Dataset extract
▬▬▬▬▬▬

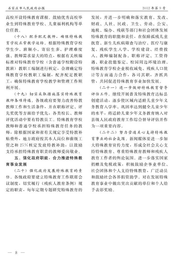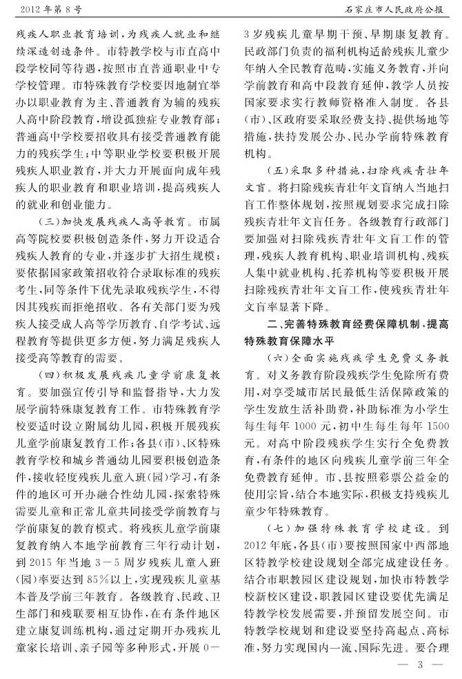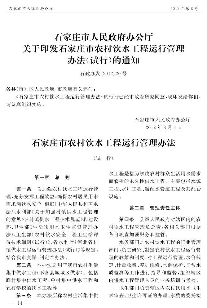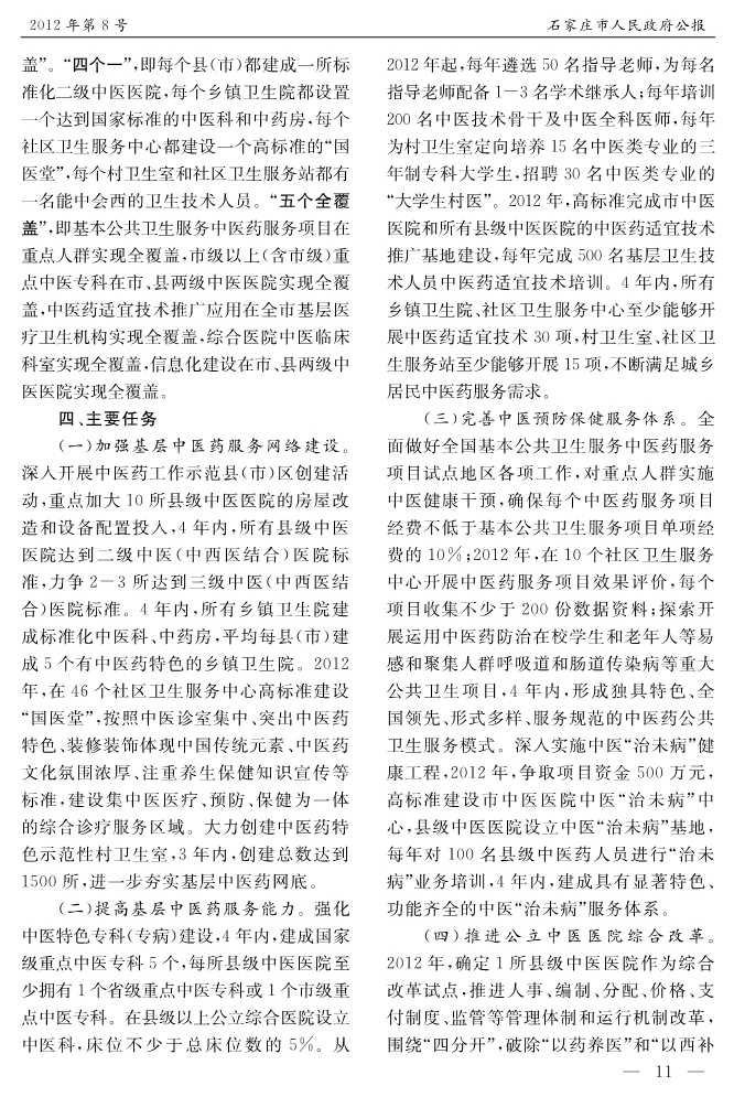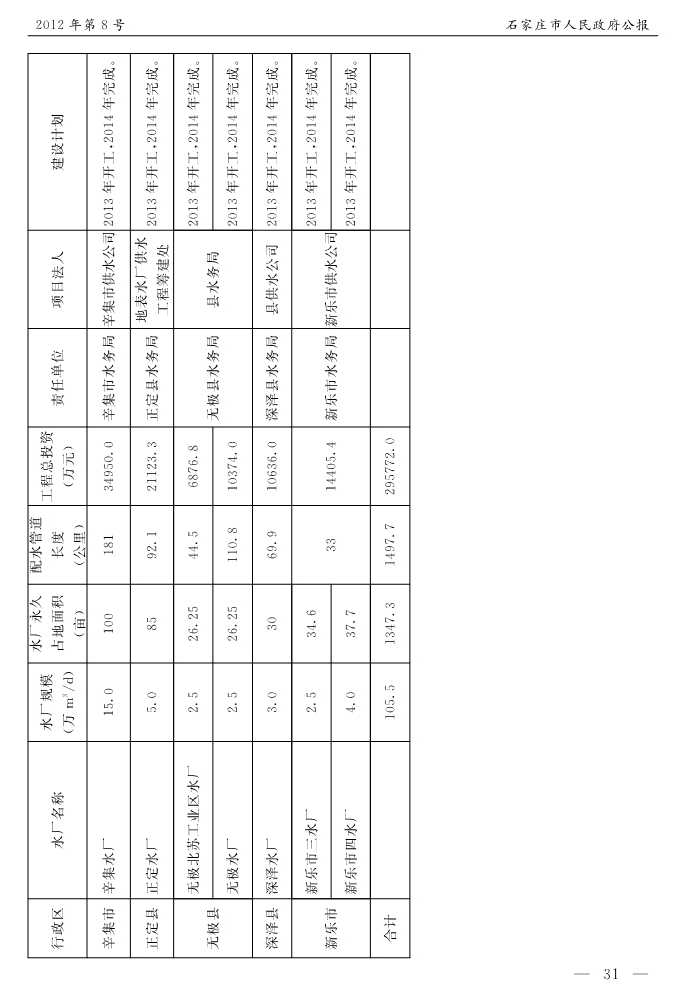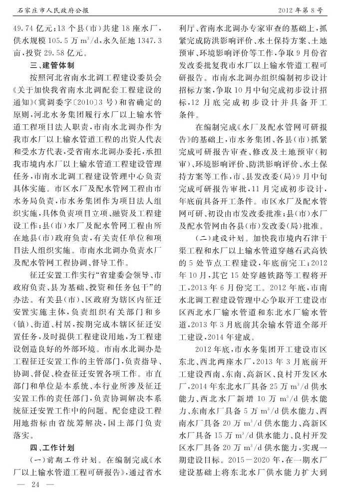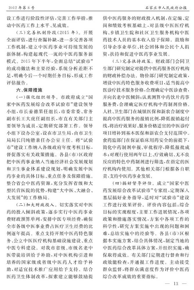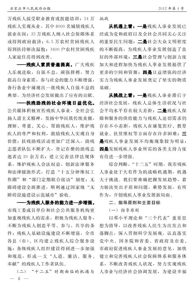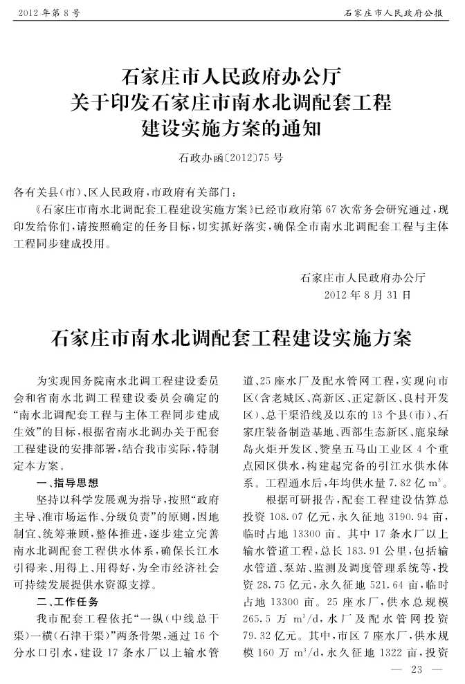 石家莊市人民政府公報2012年第8號
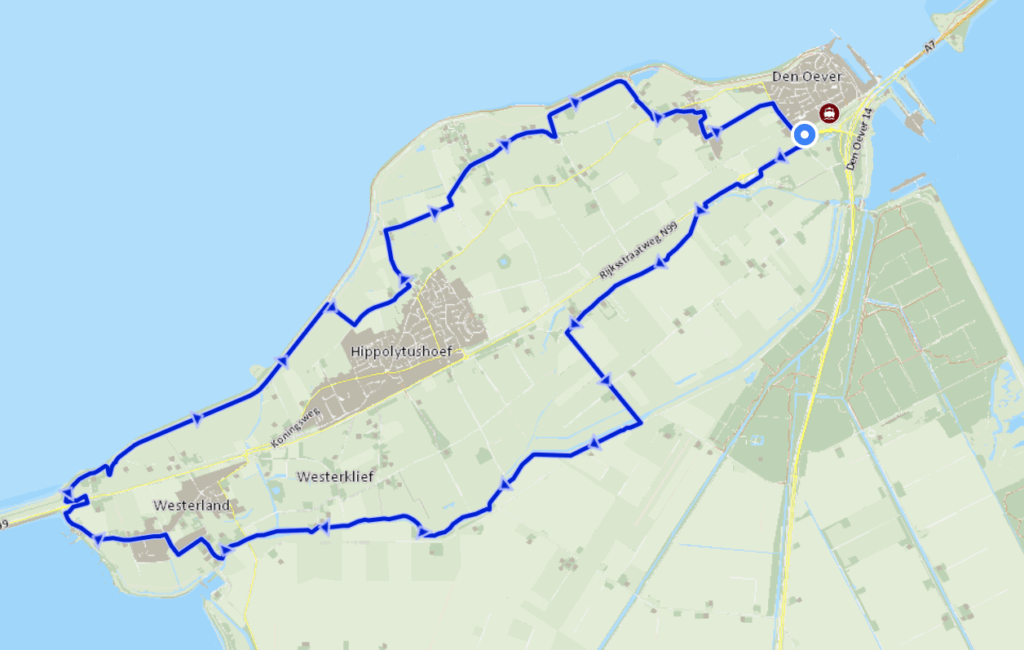 Places you pass through: Den Oever, Hippolytushoef, Slootdorp, Westerland
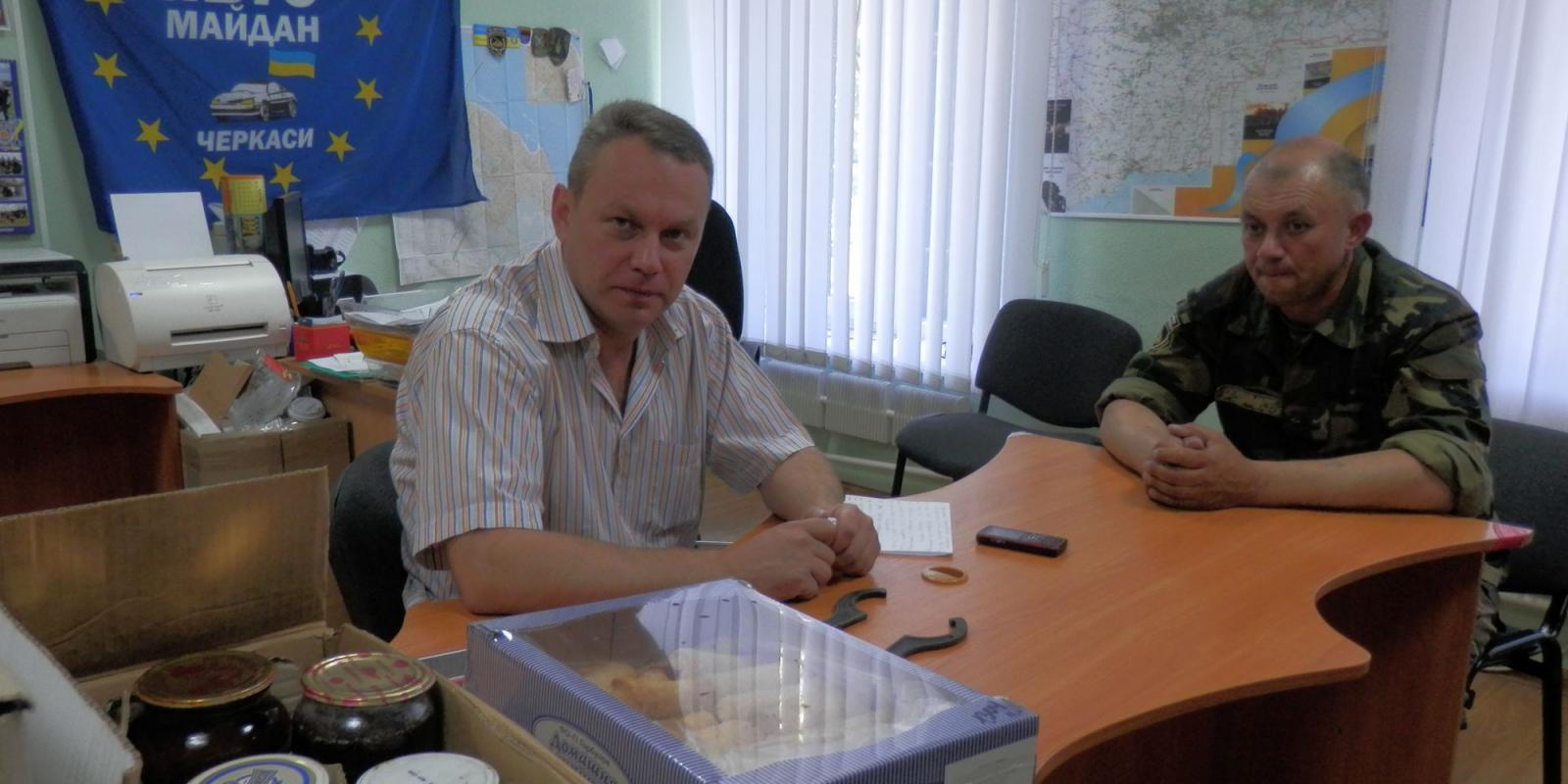 - Сьогодні нам передають продукти, дві холодильні установки, які забезпечив один із черкаських підприємців, та інструменти, які забезпечив «Автомайдан» - для обслуговування нашої техніки. У Смілі із лісопилки забираємо дошки для спорудження бліндажів, бо палатки – це найперший орієнтир для мінометного вогню ворога, - пояснює Анатолій Стуженко. – Двадцять кубів деревини для бліндажів і нар з’явилися завдяки благодійному фонду «З вірою в себе», яким керує волонтер «Автомайдану» Альона Вербицька. Її фонд, спільно із черкаським «Водоканалом», забезпечив наших бійців 5 тоннами очищеної артезіанської води. Цю воду ми дуже бережемо - бо у АТО, у так званих «районах очікування», доводиться по 5-7 діб виживати на тих припасах, що були із собою – доставки не буде, аби не виказати район перебування. Тому солодку продукцію ми одразу роздаємо людям, а консервацію і все те, що одразу не псується, зберігаємо на майбутнє.
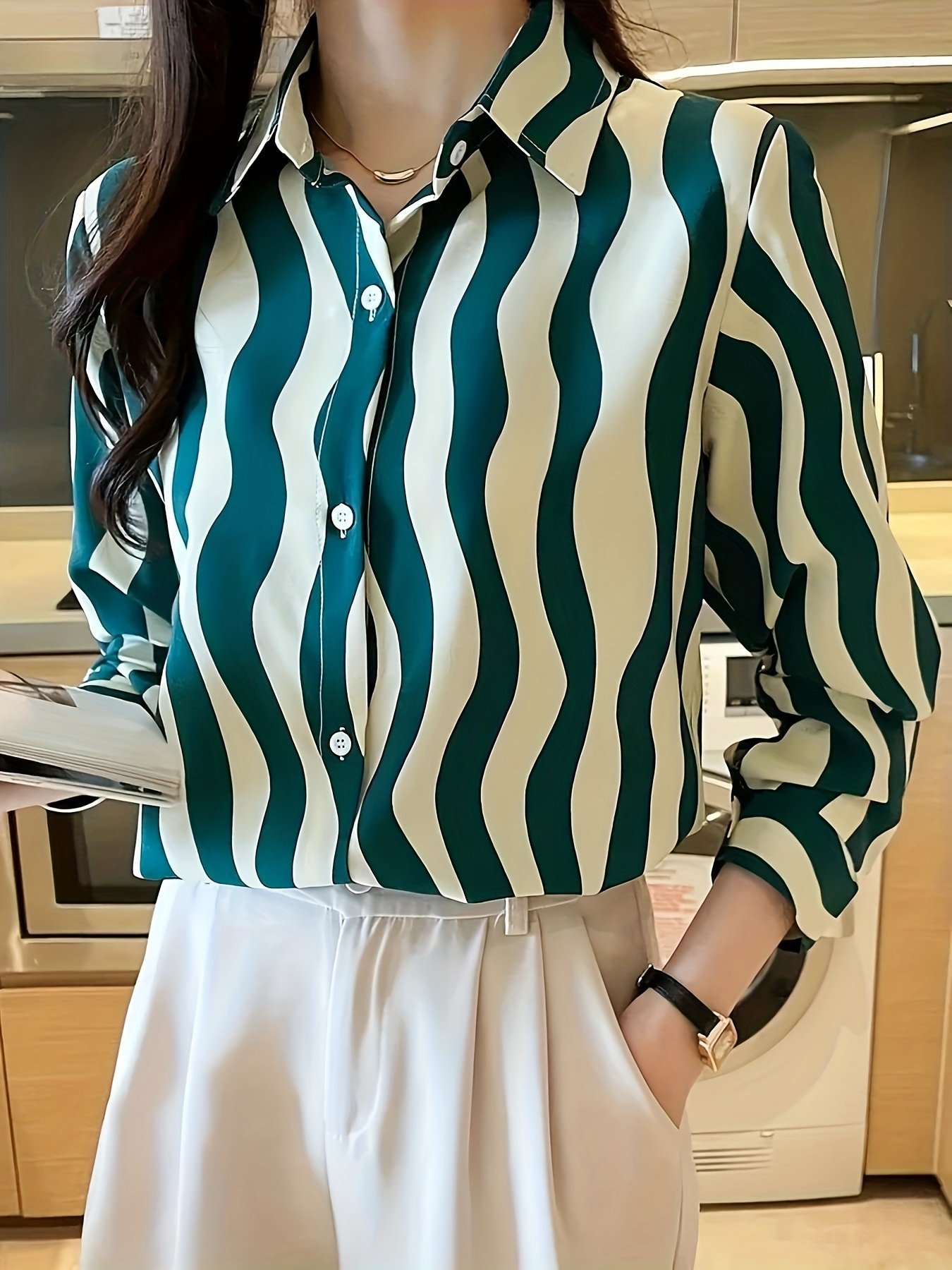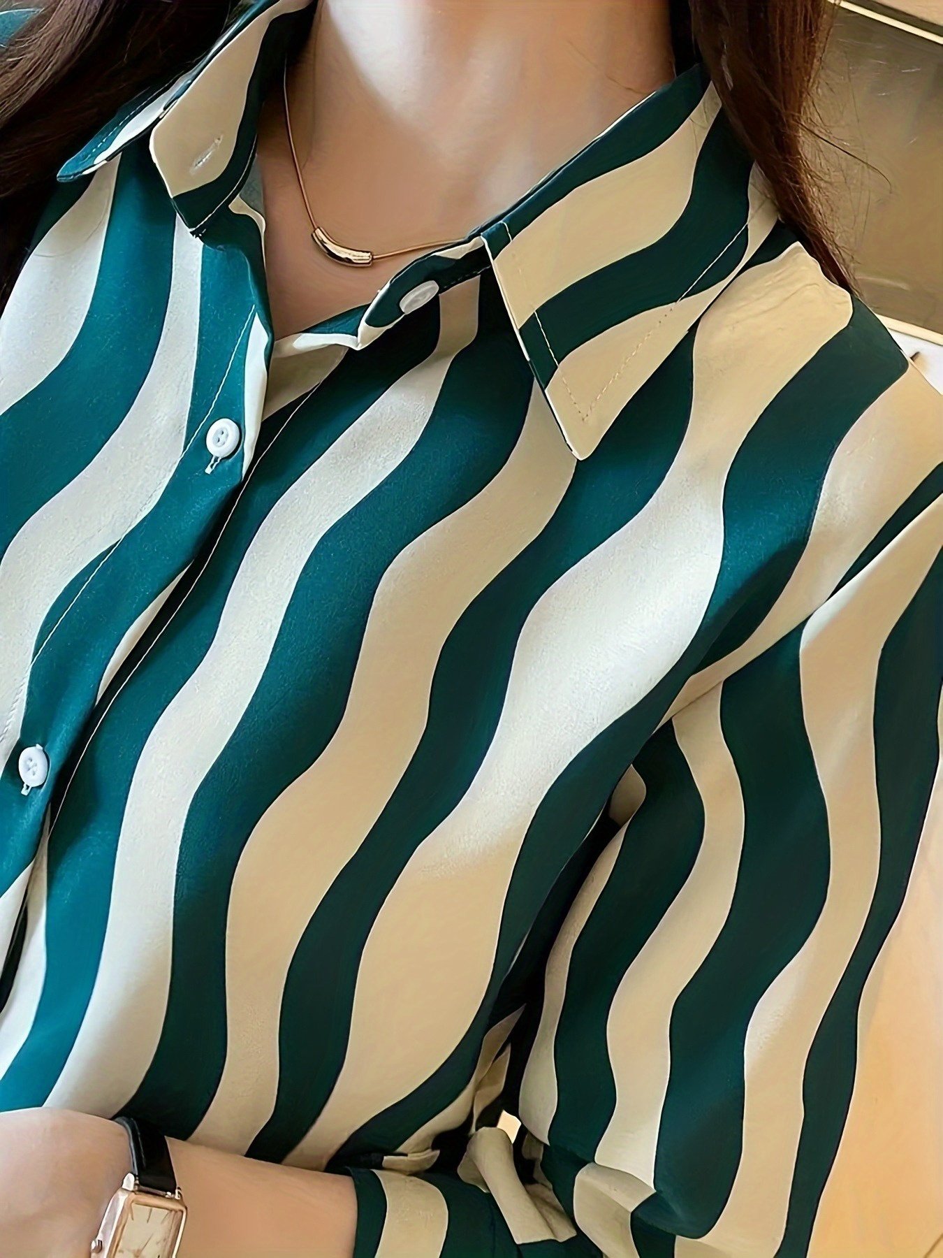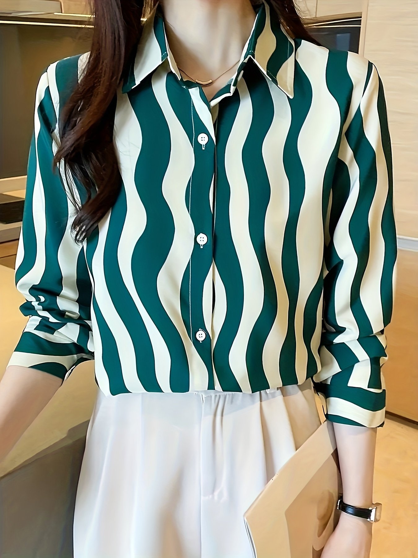 - قصة أنيقة وتفاصيل راقية: يأتي بتصميم قميص كلاسيكي مع ياقة قلابة (لابل) وأكمام طويلة مزودة بتفاصيل أصفاد أنيقة، مما يضفي لمسة احترافية وجذابة.

▬▬▬▬▬▬

What you are asked to do
Across all the lines above, repeat the wording exactly and omit the pictures.

Task answer
 石家莊市人民政府公報2012年第8號
 Places you pass through: Den Oever, Hippolytushoef, Slootdorp, Westerland
 - Сьогодні нам передають продукти, дві холодильні установки, які забезпечив один із черкаських підприємців, та інструменти, які забезпечив «Автомайдан» - для обслуговування нашої техніки. У Смілі із лісопилки забираємо дошки для спорудження бліндажів, бо палатки – це найперший орієнтир для мінометного вогню ворога, - пояснює Анатолій Стуженко. – Двадцять кубів деревини для бліндажів і нар з’явилися завдяки благодійному фонду «З вірою в себе», яким керує волонтер «Автомайдану» Альона Вербицька. Її фонд, спільно із черкаським «Водоканалом», забезпечив наших бійців 5 тоннами очищеної артезіанської води. Цю воду ми дуже бережемо - бо у АТО, у так званих «районах очікування», доводиться по 5-7 діб виживати на тих припасах, що були із собою – доставки не буде, аби не виказати район перебування. Тому солодку продукцію ми одразу роздаємо людям, а консервацію і все те, що одразу не псується, зберігаємо на майбутнє.
 - قصة أنيقة وتفاصيل راقية: يأتي بتصميم قميص كلاسيكي مع ياقة قلابة (لابل) وأكمام طويلة مزودة بتفاصيل أصفاد أنيقة، مما يضفي لمسة احترافية وجذابة.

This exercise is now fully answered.